Worth remembering
A European company that pays VAT abroad can apply for a refund. To do so, it must send an electronic application from its country of establishment, which then forwards it to the tax authorities of the country concerned. The tax authorities have four months to process the application and refund the VAT.
The procedure, which in theory is simple and efficient, can become a real trap for businesses that carelessly make mistakes in their refund applications.
The misadventure of the Belgian company with its Hungarian VAT refund claim is worth telling as it could happen to any other company.
The case brought to the Court of Justice
A Belgian company applies for a refund of Hungarian VAT. As the number of invoices submitted was significant, it attached a summary statement to its application containing all the information required: name of the issuer, date, tax base, deductible tax, etc.

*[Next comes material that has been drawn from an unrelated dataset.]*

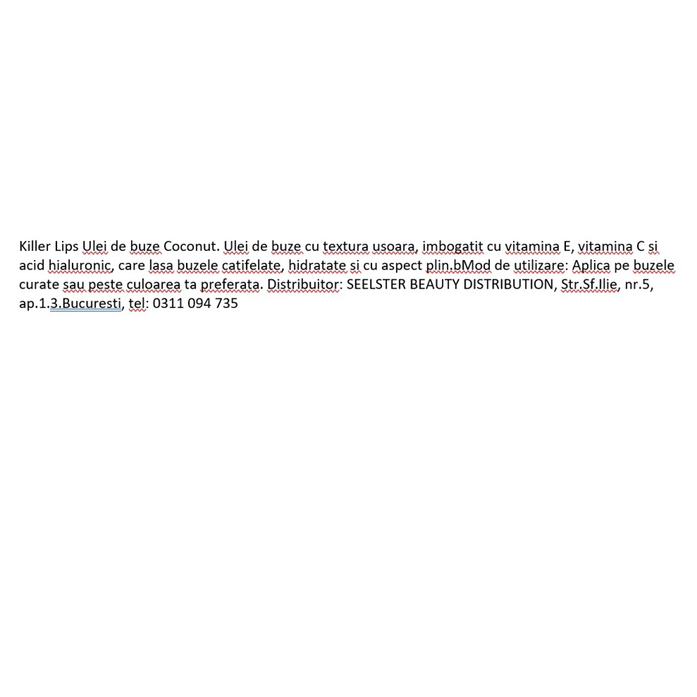 Farmacia Tei intelege importanta informatiilor prezentate in aceasta pagina si face eforturi permanente pentru a le pastra actualizate. Singura situatie in care informatiile prezentate despre Ulei de buze cu vitamina E, vitamina C si acid hialuronic Coconut Lip Oil, 3.8 ml, Killer Lips pot fi diferite fata de cele prezentate pe site este aceea in care producatorul/importatorul aduce modificari specificatiilor/etichetei acestuia, fara a ne informa in prealabil. In cazul aparitiei unor diferente, prevaleaza informatia de pe etichetele produsului fizic.

During the examination of the file, the Hungarian administration nevertheless noted that this statement contained a multitude of errors: it referred to invoices for which VAT had already been refunded in a previous application, and there were discrepancies between the amounts of VAT appearing in this statement and those mentioned on the attached invoices, with the amount invoiced being lower in some cases than the amount entered in the statement and higher in others. In short, the summary statement is totally sloppy.
After asking for explanations, the Hungarian tax authorities decided that the VAT refund would be limited to the amount shown on the refund application. The company disagrees. In its view, it is the amount of VAT shown on the invoices that should be refunded and not the amount shown on the application.
What does the Court of Justice say?
The Court starts by lecturing the company ...
The Court starts by lecturing the Belgian company that did not take its case seriously: it should be remembered that the taxable person is in the best position to know the reality of the transactions for which it is applying for a refund and that it must therefore, at least to some extent, bear the consequences of his own administrative behaviour. It is bound, specifically, by the particulars he includes on the invoices it issues and, by those relating to the amount of VAT and the applicable rate.
...then firmly calls the tax authorities to order
The Court then called the Hungarian tax authorities to order: if, as a result of a duly detected error on the part of the taxpayer, the tax authorities concerned were able to establish with certainty the amount of VAT to be refunded to him, the principle of sound administration requires them to inform the taxpayer of this fact with all due dispatch, using the means they consider most appropriate, in order to invite him to rectify his claim for a refund, so that the tax authorities can respond favourably. Otherwise, it would be ignoring the right to a refund of VAT, which is a fundamental principle of the VAT system.
The Belgian company went through the needle's paces. After having lectured the company, the Court of Justice ultimately ruled in its favour (Judgment of 21/10/2021, CHEP Equipment Pooling NV, C-396/20).
What can we learn from this judgment?
When a company applies for a refund of foreign VAT, the tax administration must refund it within four months.
In this case, the Belgian company, for not having been serious, will have waited not four months but four years for its refund!
The moral of this story? Being able to successfully apply for a refund of foreign VAT is not something you can improvise.